Please write out the lines of the data exactly, beginning with the first and ending with the line containing "At bruge V-line"; leave the pictures behind.

Items from a dataset

--- START ---

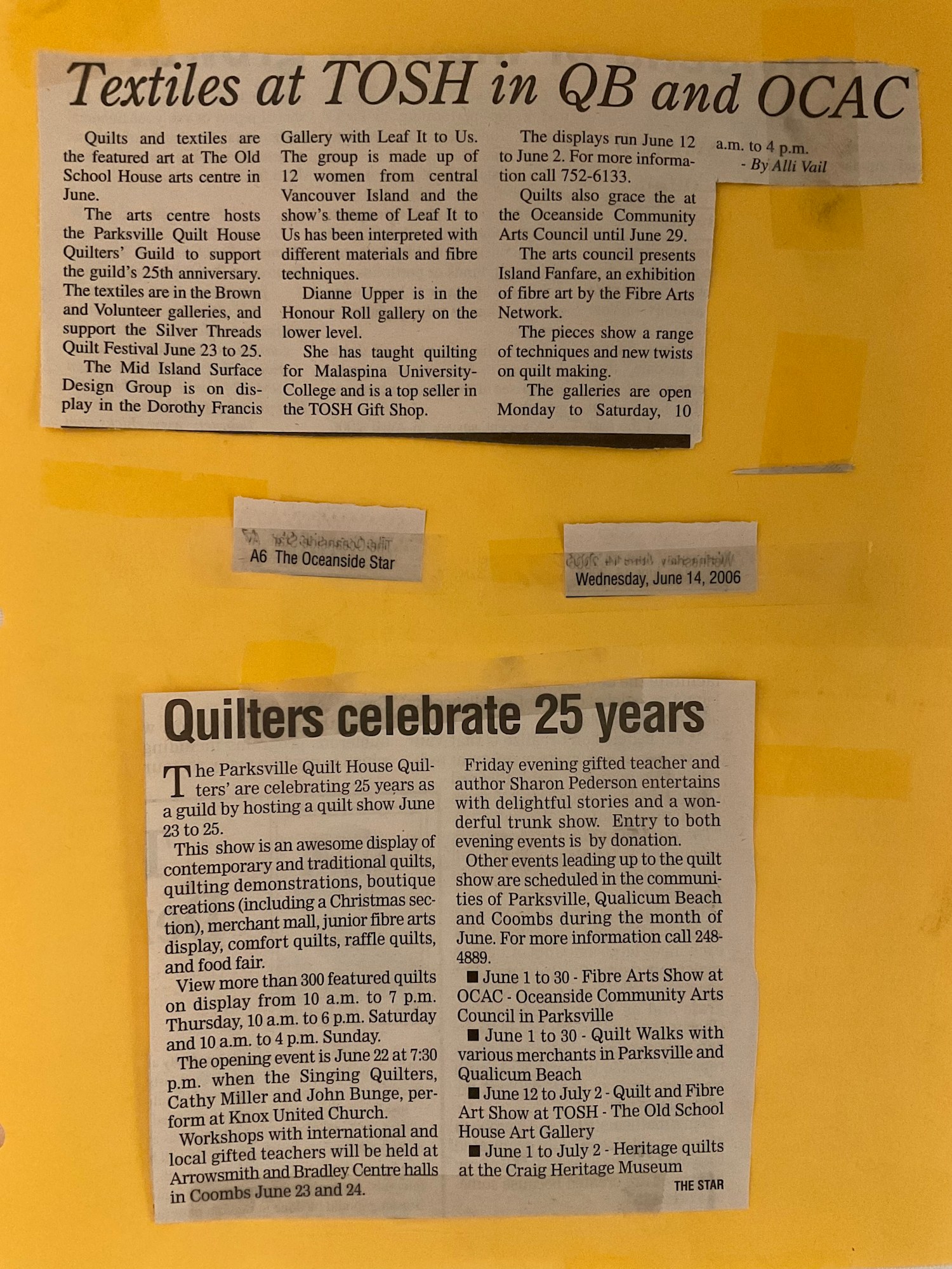Quilt events this weekend / Textiles at TOSH in QB and OCAC / Quilters celebrate 25 years
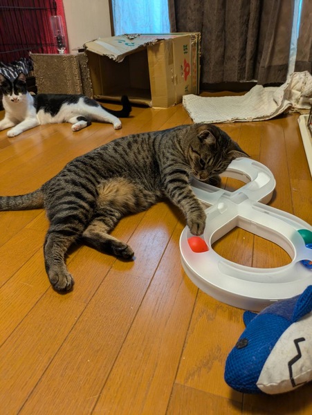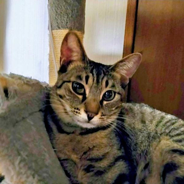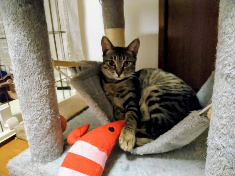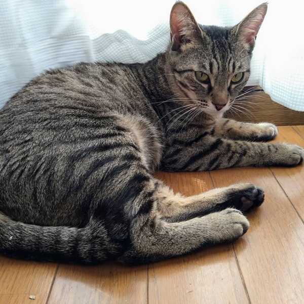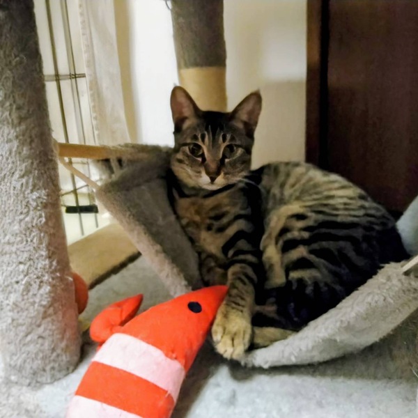 | 特徴(性格など) | 人も猫も大好きですが、独立心が高く一人遊びもとても上手な女の子です! ちょっとやそっとじゃ驚かない肝の座った面もあって、バタバタしないで落ち着いた行動を取り気品を感じます! ごはんは好き嫌いなくなんでも良くきれいに食べてくれます(食いしん坊寄りです)。 代表的なキジトラ模様で、背中やお腹周りは丸いヒョウ柄が特徴です。凛とした表情がたまらなく可愛い子です! |
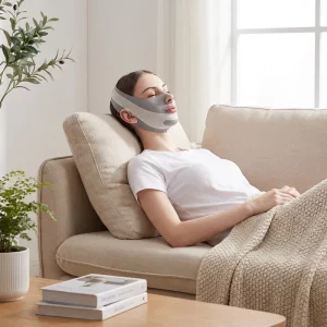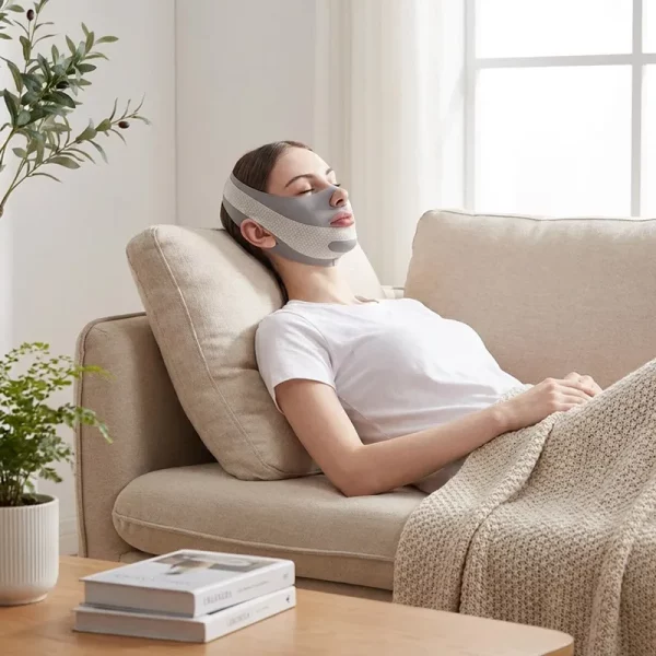 At bruge V-line masken, mens jeg ser tv, er blevet min rutine. Den sidder blidt, klør ikke, og min profil fra siden ser nu meget skarpere ud.
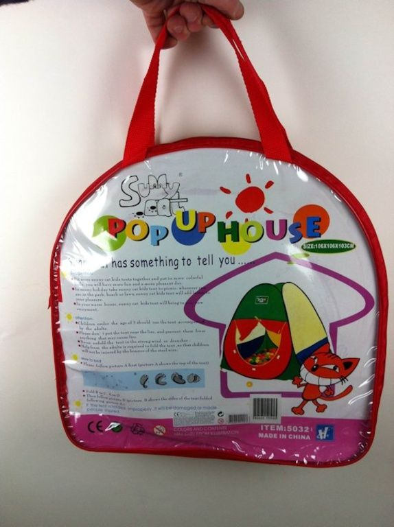 Afmetingen tent opgezet: 106 x 106 x 103 Cm.
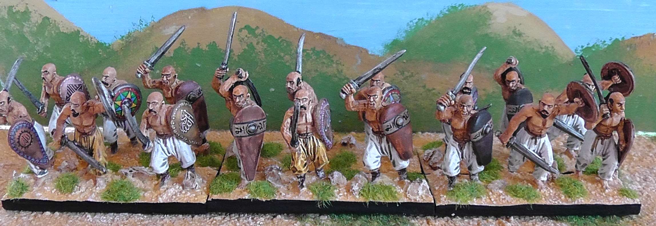 Dilemme de figuriniste historique : comment représenter des esclaves noirs révoltés quand la gamme Perry ne propose que des Azerbaïdjanais pour figurer des bandes guerrières ? Simple. Sacrifier la fidélité historique sur l'autel de l'esthétisme figurinistique. Sans vergogne !
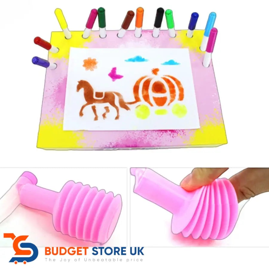 Fuel Young Imaginations with the Blow Pens Pink Fantasy Kit, exclusive to Budget Store UK! This all-in-one set lets children create fantastical airbrush pictures, exploring mythical creatures, faraway galaxies, and everything in between.
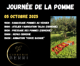 Le dimanche 5 octobre, la Cidrerie Berri ouvre ses portes pour une grande fête de la pomme et des traditions basques. Dès le matin, petits et grands pourront participer au ramassage de pommes dans le verger, avant de découvrir le pressage et la fabrication du cidre. La matinée se poursuivra avec un atelier de confection de taloa, pour mettre la main à la pâte et savourer les spécialités locales.
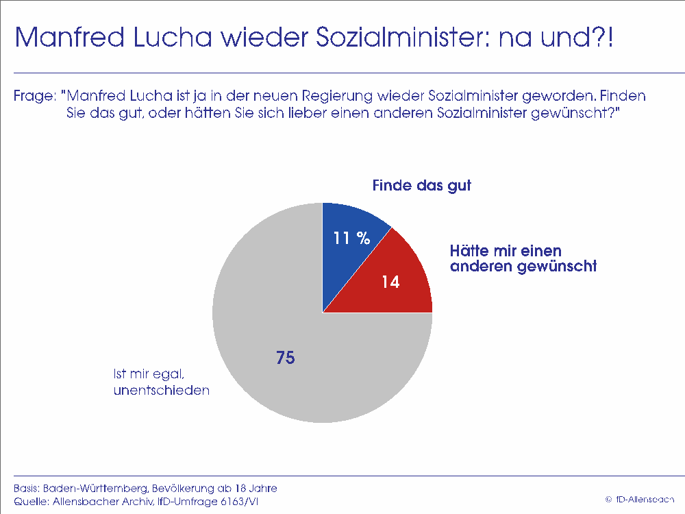 Noch wesentlich drastischer fällt das Urteil in Bezug auf Sozialminister Lucha aus. Dass Manfred Lucha wie schon in der bisherigen Regierung auch im neuen Kabinett den Posten des Sozialministers innehat, interessiert drei Viertel aller Bürger nicht. Das Ergebnis zeigt sehr deutlich, wie wenig sich viele Bürger für Details der Landespolitik interessieren. Aufgrund des geringen Bekanntheitsgrads vieler Landespolitiker fällt es der großen Mehrheit schwer, in Personal- wie Sachfragen ein Urteil zu fällen.
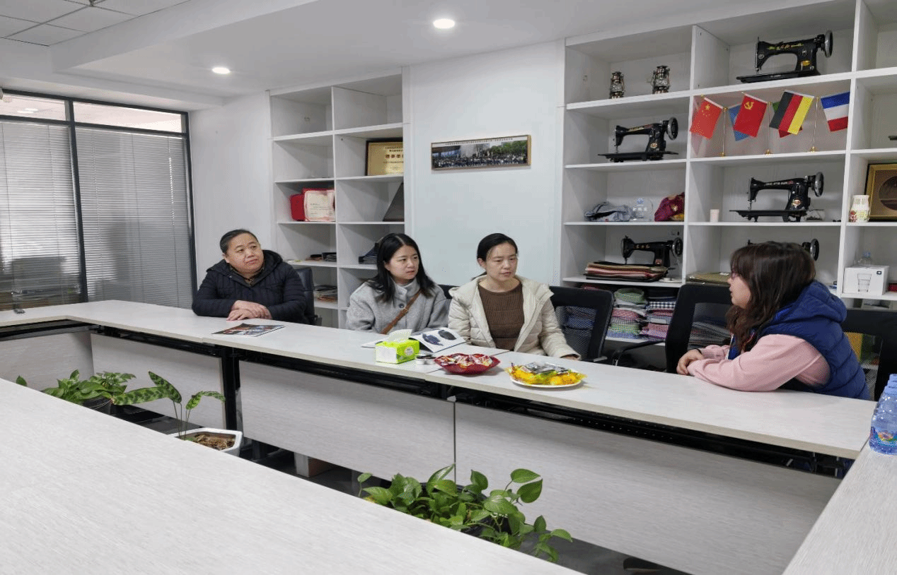 访企过程中,老师们参观了公司的设计工作室、生产车间以及销售展示区。在与实习学生交流时,老师们详细询问了学生的工作内容、日常任务以及实习收获。学生分享了自己在参与跟单项目工作中的体会,也提及了遇到的困难和挑战。随后,老师们与公司管理层就学生实习表现和人才培养等话题展开深入探讨。公司对实习学生的专业素养和工作态度给予高度评价,同时也结合行业发展趋势,提出了对国际经济与贸易专业的人才的岗位要求。公司代表为学生们介绍了外贸行业未来的发展方向、潜在机遇以及就业市场前景。最后,石家庄德铭服装有限公司表达了与太阳成集团建立长期校企合作关系的意向,希望在人才培养、实习就业、产学研合作等方面展开深度合作,实现互利共赢。
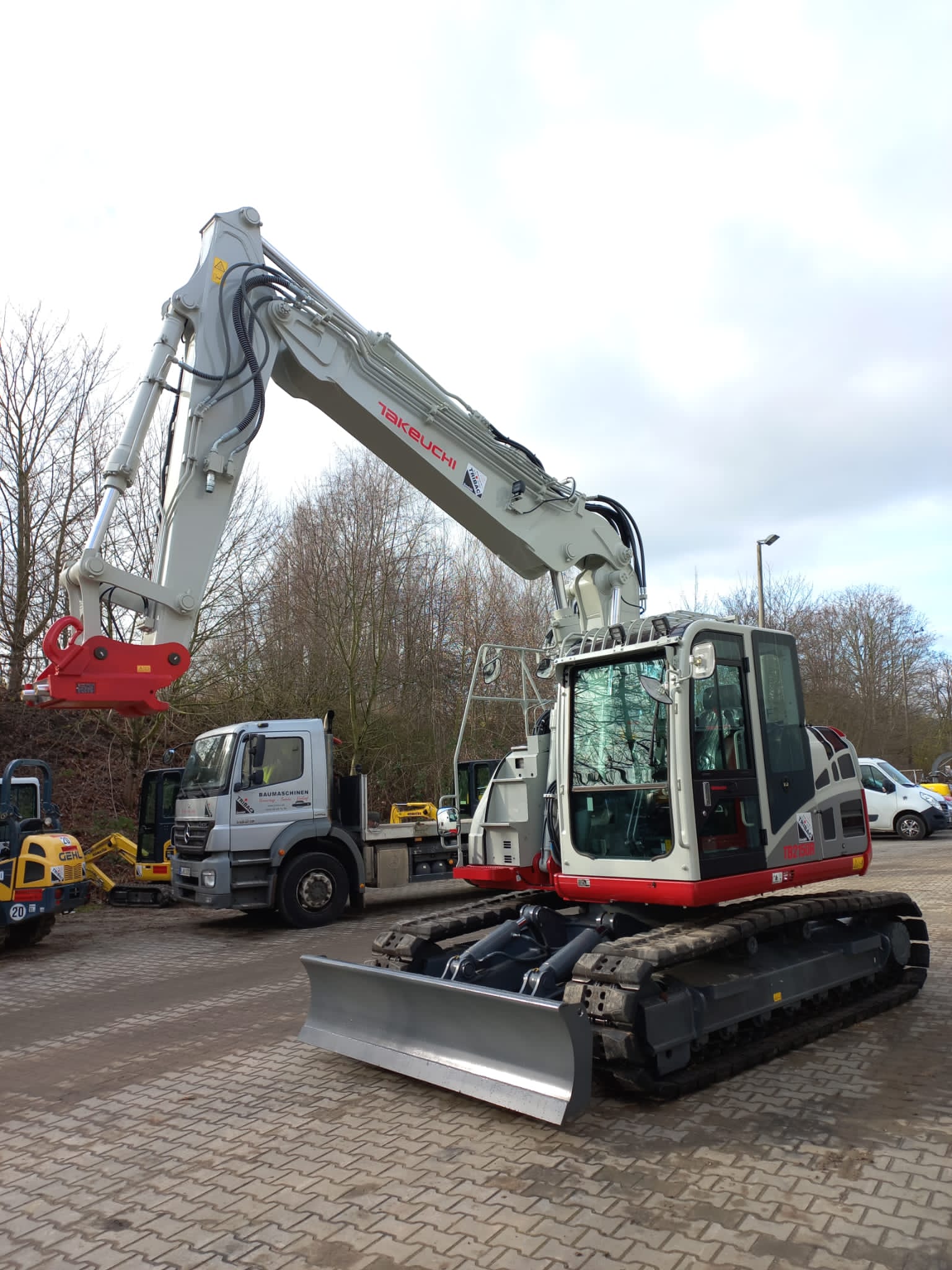 | Ausstattung | V2 inkl. hydraulischem Schnellwechsel HS10, Geo-Grip-Ketten, Zentralschmieranlage, aktiver Dieselpartikelfilter, AdBlue, DOC, Verstellausleger |
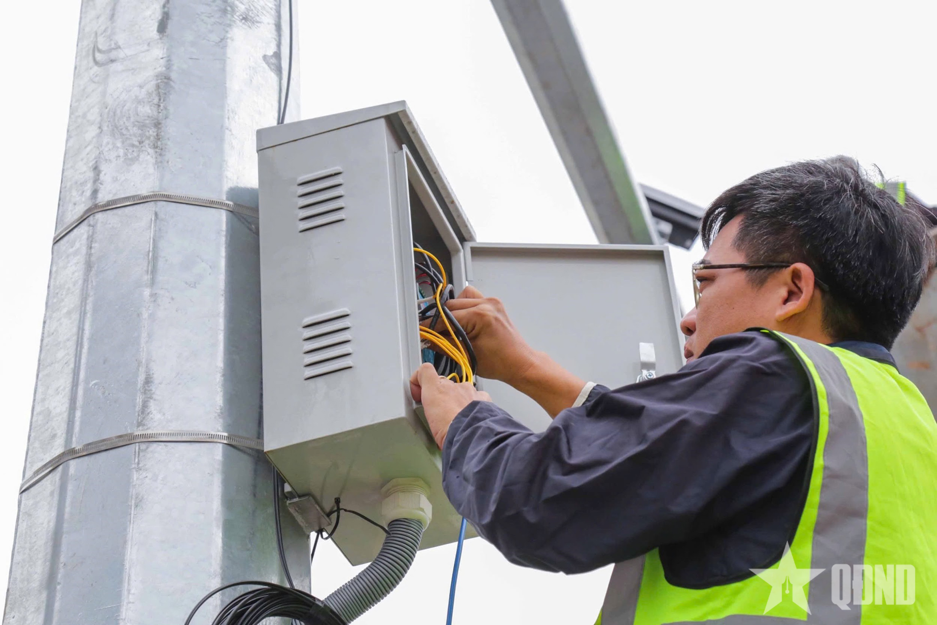 Đội ngũ kỹ thuật lắp đặt đường truyền tín hiệu.

--- END ---

> YOUR SOLUTION
Quilt events this weekend / Textiles at TOSH in QB and OCAC / Quilters celebrate 25 years
 | 特徴(性格など) | 人も猫も大好きですが、独立心が高く一人遊びもとても上手な女の子です! ちょっとやそっとじゃ驚かない肝の座った面もあって、バタバタしないで落ち着いた行動を取り気品を感じます! ごはんは好き嫌いなくなんでも良くきれいに食べてくれます(食いしん坊寄りです)。 代表的なキジトラ模様で、背中やお腹周りは丸いヒョウ柄が特徴です。凛とした表情がたまらなく可愛い子です! |
 At bruge V-line masken, mens jeg ser tv, er blevet min rutine. Den sidder blidt, klør ikke, og min profil fra siden ser nu meget skarpere ud.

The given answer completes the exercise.